• [Data under study]
%%
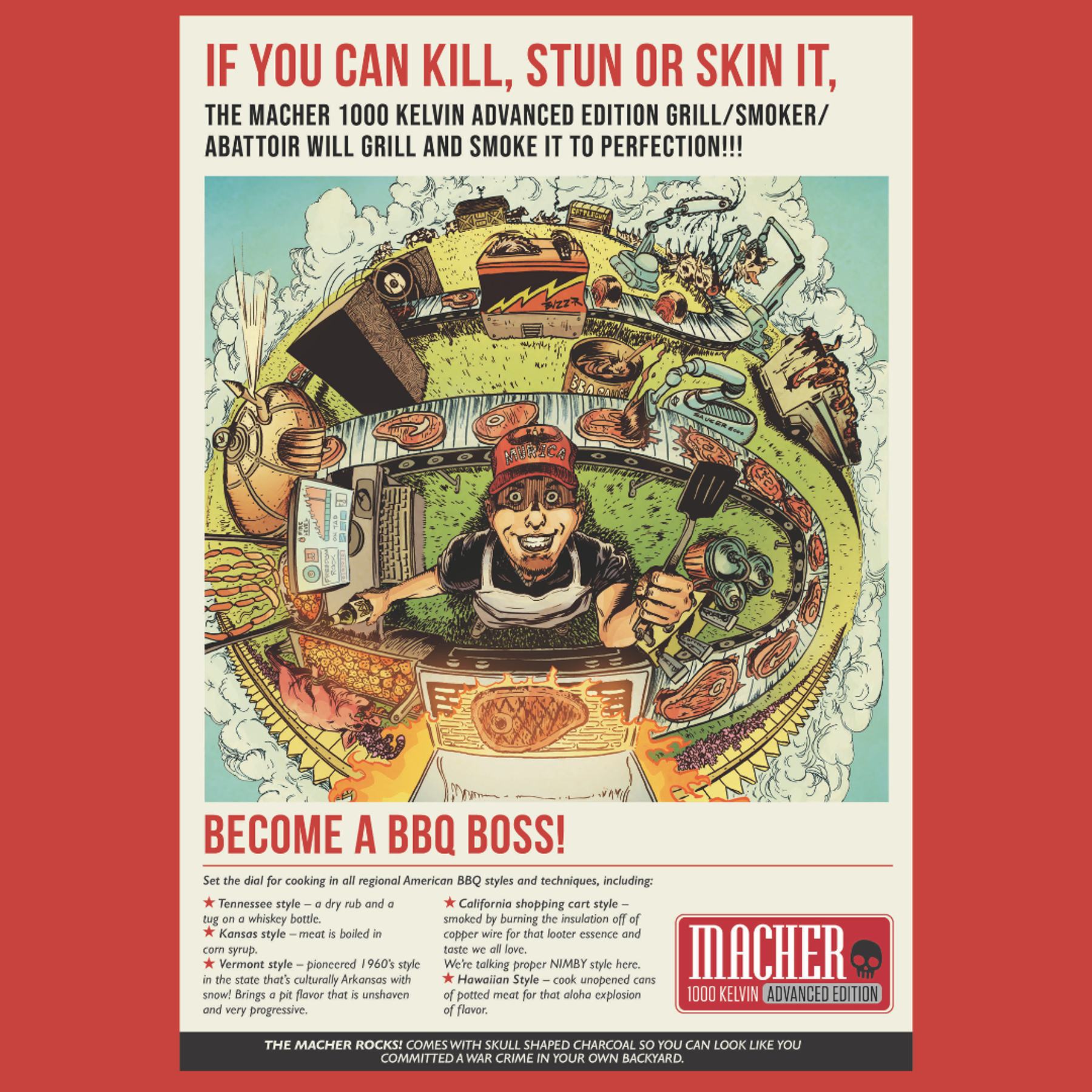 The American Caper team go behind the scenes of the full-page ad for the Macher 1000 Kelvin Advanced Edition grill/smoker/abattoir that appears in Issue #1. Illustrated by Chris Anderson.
%%
%%
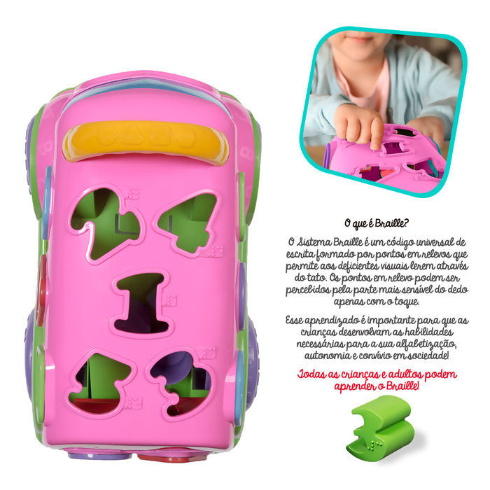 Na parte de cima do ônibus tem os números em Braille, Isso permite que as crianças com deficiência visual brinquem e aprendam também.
%%
%%
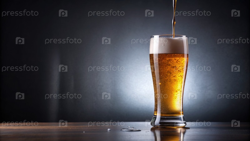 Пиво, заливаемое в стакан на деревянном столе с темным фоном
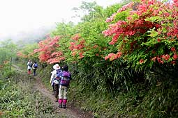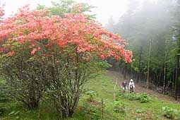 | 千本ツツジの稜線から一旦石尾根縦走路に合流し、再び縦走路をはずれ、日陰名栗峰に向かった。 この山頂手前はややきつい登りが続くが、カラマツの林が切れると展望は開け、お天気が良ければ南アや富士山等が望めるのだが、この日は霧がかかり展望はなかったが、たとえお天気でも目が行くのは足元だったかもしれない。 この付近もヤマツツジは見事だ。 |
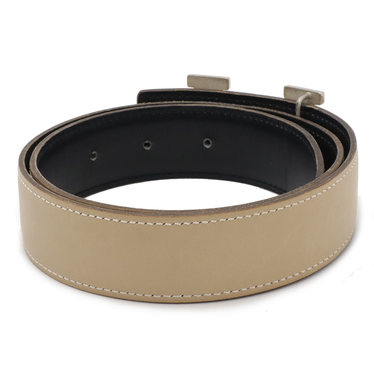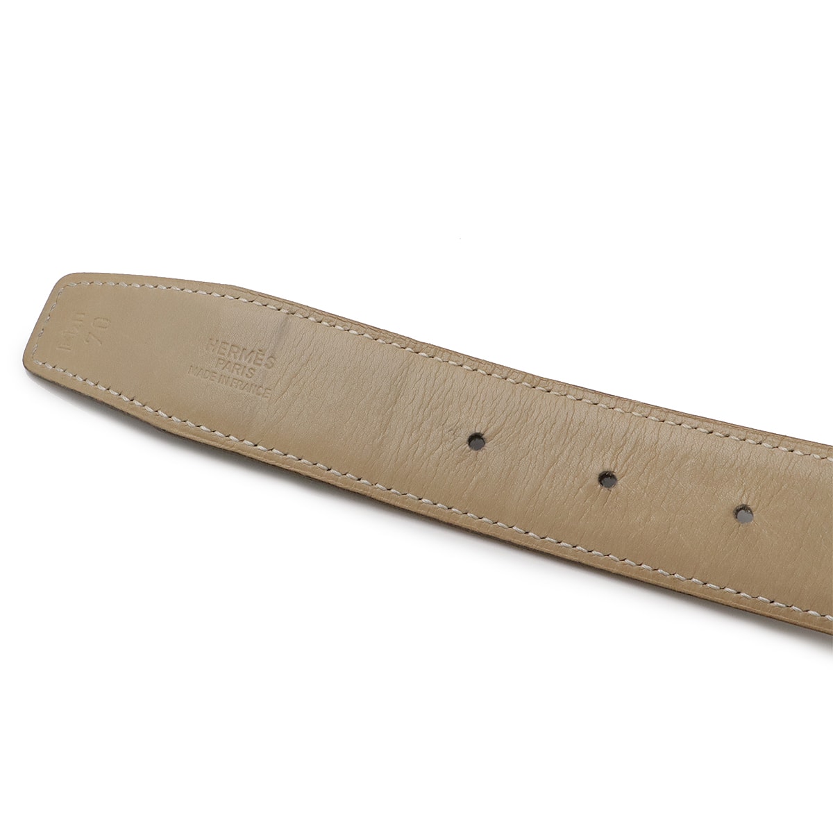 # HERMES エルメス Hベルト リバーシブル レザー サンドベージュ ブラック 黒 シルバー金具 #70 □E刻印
%%
• [Your goal] In the entries above, find the line containing "Пиво, заливаемое в" and the line containing "# HERMES エルメス"; give again exactly those two lines and every line between them, minus the pictures.

• [Final answer]
 Пиво, заливаемое в стакан на деревянном столе с темным фоном
 | 千本ツツジの稜線から一旦石尾根縦走路に合流し、再び縦走路をはずれ、日陰名栗峰に向かった。 この山頂手前はややきつい登りが続くが、カラマツの林が切れると展望は開け、お天気が良ければ南アや富士山等が望めるのだが、この日は霧がかかり展望はなかったが、たとえお天気でも目が行くのは足元だったかもしれない。 この付近もヤマツツジは見事だ。 |
 # HERMES エルメス Hベルト リバーシブル レザー サンドベージュ ブラック 黒 シルバー金具 #70 □E刻印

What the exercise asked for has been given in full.